Immune System Malfunction May Trigger Inflammatory Bowel Disease
In a finding that could have implications for the prevention and treatment of inflammatory bowel disease (IBD), Yale University researchers have identified a previously unknown sensor regulating the composition of certain intestinal bacterial microflora (the microbes that live in our gut). They also found the absence of this regulating sensor results in a dramatic alteration of the microbial environment of the intestines – increasing the risk of developing IBD. The study is available online in Cell on May 12, and will appear in the May 27 print edition.

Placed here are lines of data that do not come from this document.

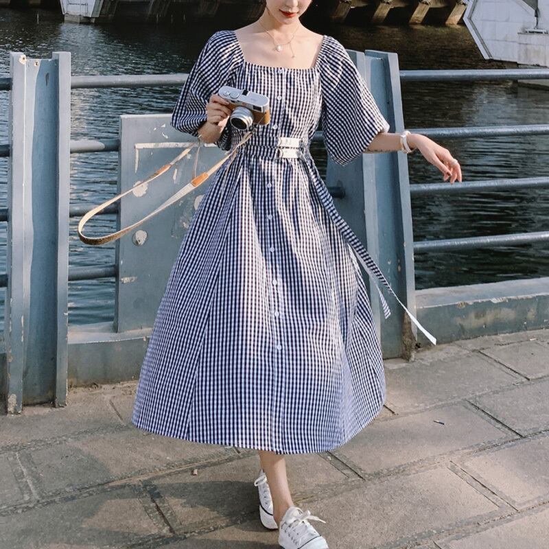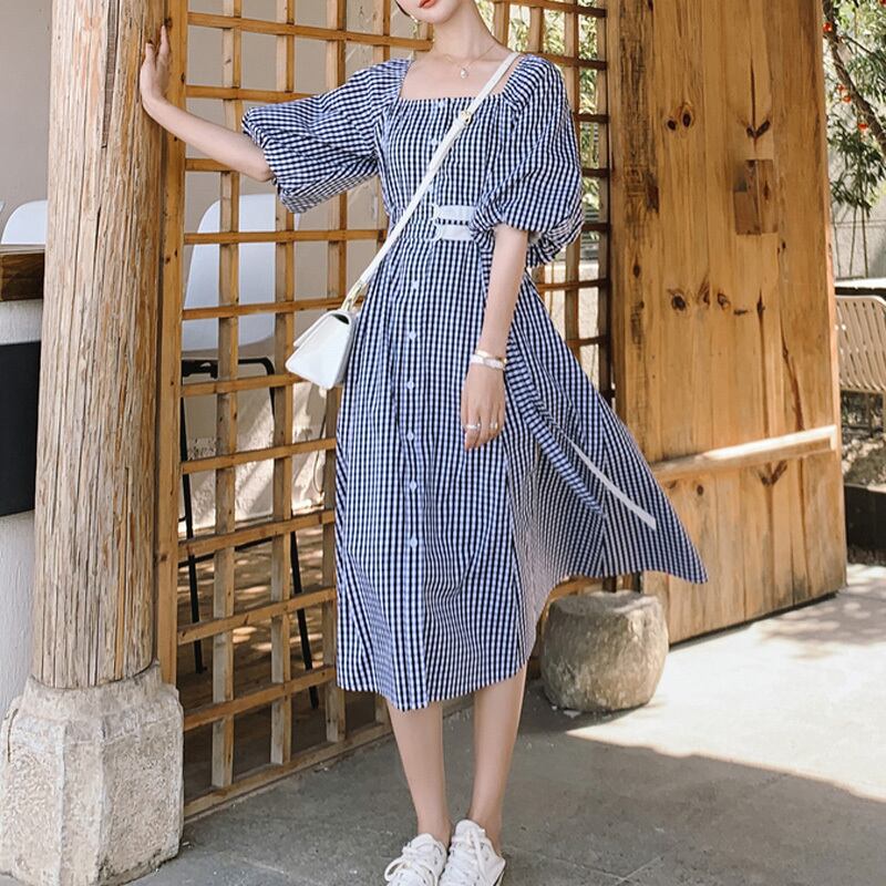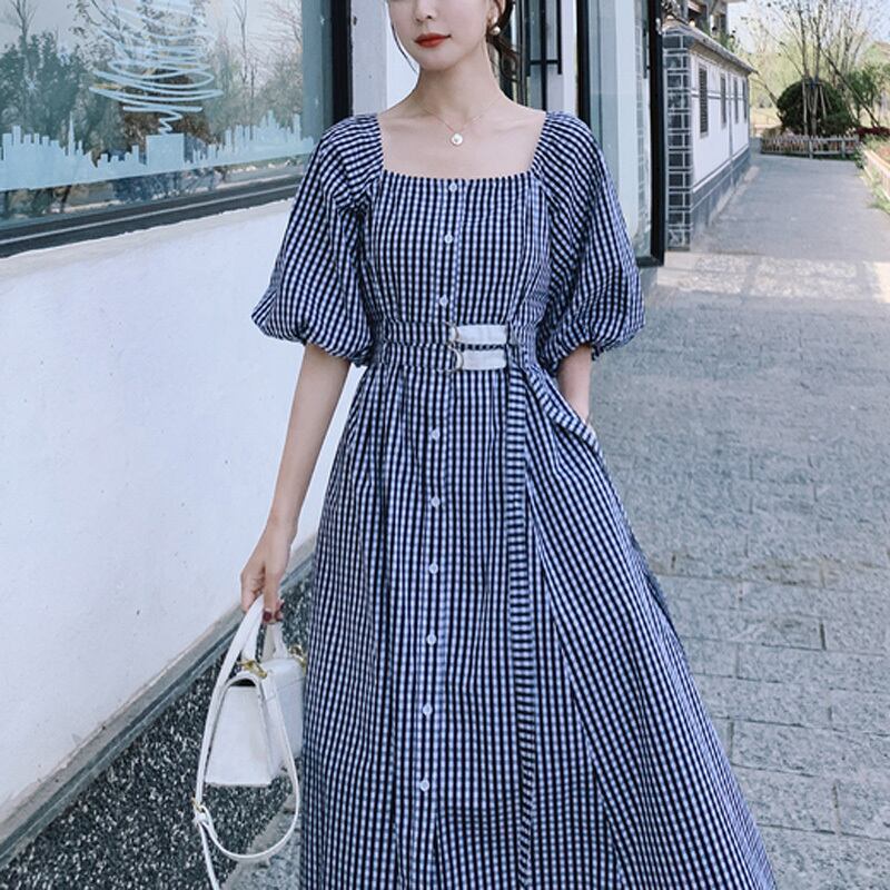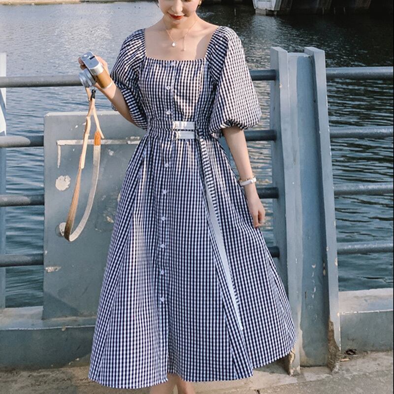 チェック柄 パフスリーブ スクエアネック 半袖 ワンピース *on299
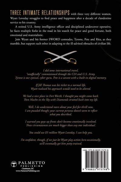 Three intimate relationships with three very different women, Wyatt Loveday struggles to find peace and happiness after a decade of clandestine service to his country. A retired U.S. Army intelligence officer and disciplined undercover operative, he faces multiple forks in the road in his search for peace and good fortune, both emotional and materialistic. Join Wyatt and his form SWORD comrades, Tyrone, Pete and Rita, as they stumble but support each other in adapting to the ill-advised obstacles of civilian life.
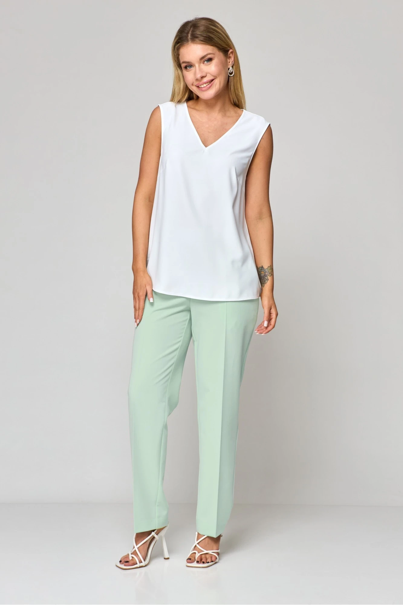 Блузка женская, полуприлегающего силуэта, длиной ниже линии бедер, без рукавов, с разрезами в боковых швах. Деталь переда блузки с нагрудными вытачками. Вырез горловины блузки «V-образной» формы.
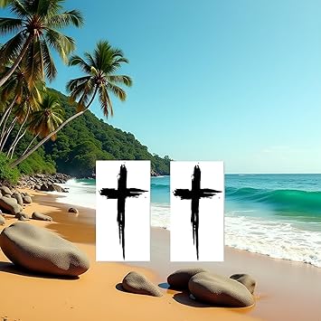 2Pcs Black Herbal Cross Temporary Tattoos - for Vivid Fake Body Art Stickers Men and Women | Waterproof Beach, Pool, Parties Holidays,Temporary Tattoo
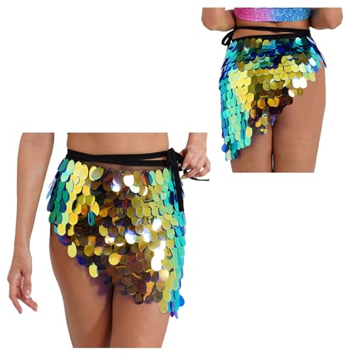 Lejafay Women Shiny Sequin Skirt Hip Scarf Belly Dance Skirt Package Hip Mini Skirts Party Dresses
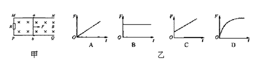 如图甲所示,平行金属导轨MN、PQ水平放置,M、P间接阻值为R的固定电阻。金属棒ab垂直于导轨放置,且始终与轨轨接触良好。导轨和金属棒的电阻不计。匀强磁场方向垂直导轨所在平面。现用垂直于ab棒的水平向右的外力F,拉动ab棒由静止开始向右做匀加速直线运动,图乙中哪一个能够正确表示外力F随时间变化的规律 ( )
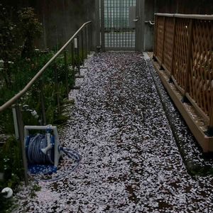 職場の庭の通路が桜の花弁で花道を作ってくれました🌸
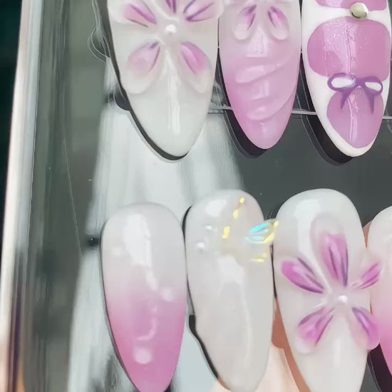 Each nail showcases hand-sculpted 3D flowers, twinkling rhinestones, and a milky white base dusted with iridescent sparkle. The subtle purple-to-white fades and light-catching gloss offer a look that’s feminine, serene, and polished. Perfect for garden parties, bridal events, or simply expressing your love for florals.
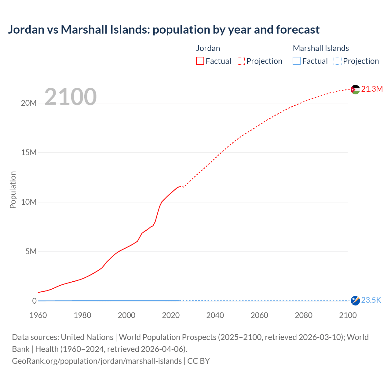 Jordan vs Marshall Islands: population by year and forecast
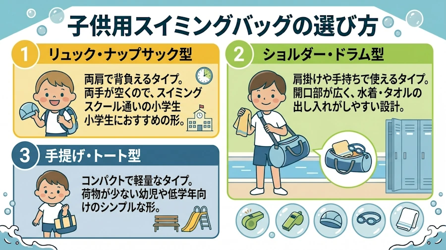 スイミングバッグは、持ち運びやすさを左右する「タイプ」がまず重要なポイント。

The team’s research focused on the protein NLRP6. It forms a multi-protein complex called an inflammasome, which regulates the function of many cell types during normal states and inflammation. The action of NLRP6 or the NLRP6 inflammasome were previously not known. Working with genetically-altered mice, the Yale team showed how a deficiency of this protein complex in the epithelial cells that line the the colon resulted in distinct alterations in the normally balanced microbial community in the intestines, allowing the growth of defined bacteria that set the stage for colitis and other forms of IBD.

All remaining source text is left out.